This work addresses the challenge of real-time trajectory generation for synthetic aperture radar (SAR) platforms operating over complex 3D terrain, where flight paths must simultaneously ensure high-quality imaging and visibility of multiple targets. The authors propose a three-stage planning framework: first, determining an optimal visitation sequence for target waypoints; second, employing a deep reinforcement learning–trained neural network to predict straight-line flight segments that maximize cumulative target visibility while accounting for 3D terrain occlusions; and third, smoothly connecting these segments into a feasible full trajectory using 3D Dubins curves.

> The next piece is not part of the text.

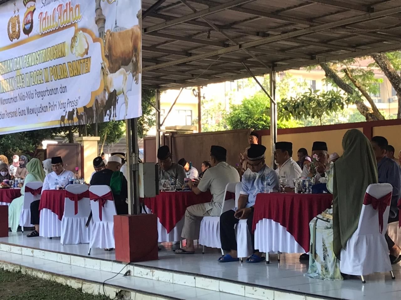 Dalam rangkaian acara tersebut, kegiatan dimulai dengan sholat ied bersama anggota dan masyarakat sekitar, kemudian dilanjutkan dengan penyembelihan hewan qurban di Masjid Baiturrahman Polda Banten.

This approach represents the first integration of target visibility modeling with 3D terrain constraints, combining deep reinforcement learning with geometric path planning to achieve scalable, robust, and real-time trajectory synthesis without compromising multi-target SAR image quality.

Generating trajectories for synthetic aperture radar (SAR)-equipped aircraft poses significant challenges due to terrain constraints, and the need for straight-flight segments to ensure high-quality imaging. Related works usually focus on trajectory optimization for predefined straight-flight segments that do not adapt to the target visibility, which depends on the 3D terrain and aircraft orientation. In addition, this assumption does not scale well for the multi-target problem, where multiple straight-flight segments that maximize target visibility must be defined for real-time operations. For this purpose, this paper presents a multi-stage planning system. First, the waypoint sequencing to visit all the targets is estimated. Second, straight-flight segments maximizing target visibility according to the 3D terrain are predicted using a novel neural network trained with deep reinforcement learning. Finally, the segments are connected to create a trajectory via optimization that imposes 3D Dubins curves. Evaluations demonstrate the robustness of the system for SAR missions since it ensures high-quality multi-target SAR image acquisition aware of 3D terrain and target visibility, and real-time performance.